Sus discos CBS, más que "Masterworks" parecen "Pupilworks". Su recital Liszt para la RCA es la ignominiosa visión de quien no se percató (ni se lo hicieron notar) que ya no podía abordar ese repertorio. Su decadencia instrumental, como la de CORTOT, fue un punto sin retorno. Lo lamentable es que muchos compradores de discos y algunos críticos adocenados y poco afectos a la investigación retrospectiva, hagan un cuadro de Brailowsky por esos LPs y no por los viejos Polydors o HMV.

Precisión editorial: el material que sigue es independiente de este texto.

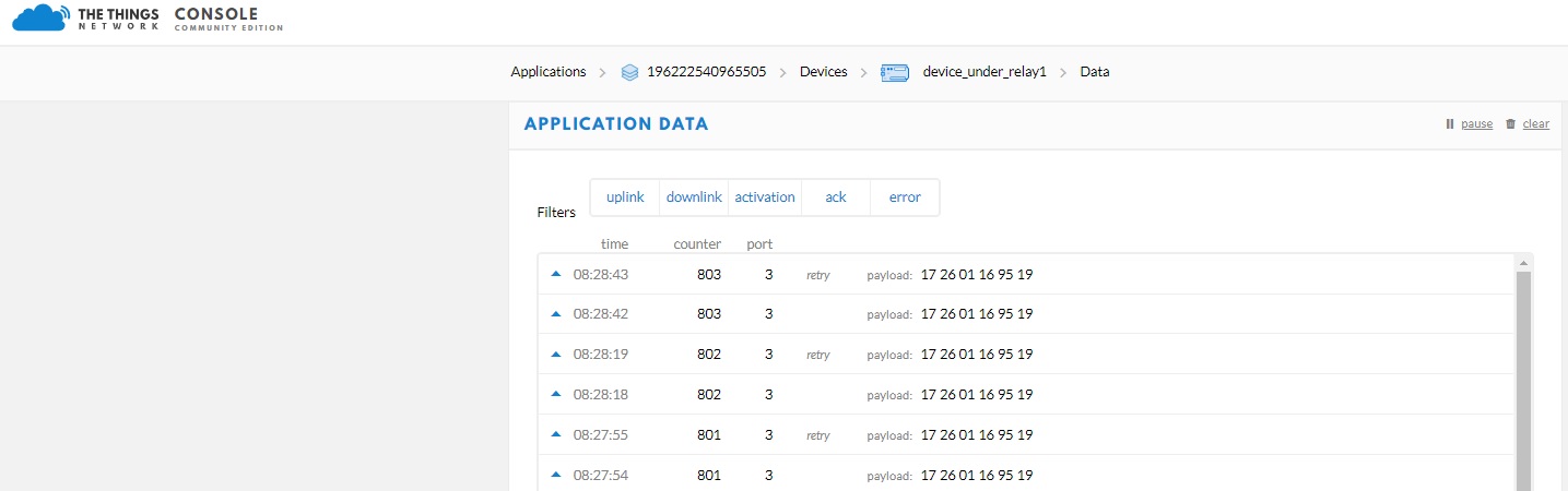 - Downlink check : the sensor is configured to retransmit all the applicative downlink in it next uplink. So each time the sensor will received a downlink , the next uplink inside the ttn console should be a copy of the downlink.

Así califican desaprensivamente a un grande, a una de las últimas ramas del piano romántico de nuestro siglo. Un grande al que nunca debieron permitirle empequeñecerse en tal magnitud...

6 comentarios:

Anónimo dijo...

Fecilito a los editores de ladansedepuck por el extraordinario contenido de este blog. Alicia Amalfi

La Danse de Puck dijo...

¡Gracias, Alicia! La incorporamos a nuestro mundo de los "recuerdos", que hoy sentimos como "necesidad" de nuestra vapuleada Cultura y Patria. Así como con lo malo, olvidar el pasado implica el peligro de reiterarlo, no recordar lo bueno conlleva el riesgo de no poder repetirlo.

Anónimo dijo...

Así es, ladansedepuck es un indispensable blog para los jóvenes de hoy, intérpretes y estudiosos de la música. Los Maestros, que fueron y son y seguirán siendo ejemplo, enseñan más que cualquier conservatorio. Una vez más, felicitaciones!! Alicia Amalfi

La Danse de Puck dijo...

Justamente hemos tenido en mente a la juventud, visto que existe una marcada carencia de afectos en sus propios maestros hacia los grandes, y siendo ellos responsables de acercarlos a este material. En algunos casos, hemos adjuntado algún archivo musical para descargar. En el Aniversario del nacimiento de Arturo Toscanini [publ. del 27-Marzo-2008] hay dos ensayos [Ballo y Otello], digitalizados de cintas por la Redacción y alojados en el servidor www.rapidshare.com para descargar en forma gratuita.

Ubeda dijo...

Yo poseo como un tesoro la integral de los valses de Chopin por Brailowsky grabada en RCA y no observo en ese disco decadencia alguna. Para mí es comparable, o mejor, que Rubinstein y Cía. ¿Usted sí ve "declive" en este gran disco?

La Danse de Puck dijo...

Hemos aludido al declive del pianista con el paso de los años sin mancillar su nombre. Compare, por ejemplo, la 2da Sonata de Chopin de Polydor con la de RCA; o la 3ª de HMV con RCA; o los valses de Polydor con los que Ud. cita y verá que Brailowsky se fue haciendo más rígido y más seco cuando entró en la era del LP. En cuanto a compararlo con Rubinstein, no nos parece demasiado procedente, pues tenían estéticas diferentes.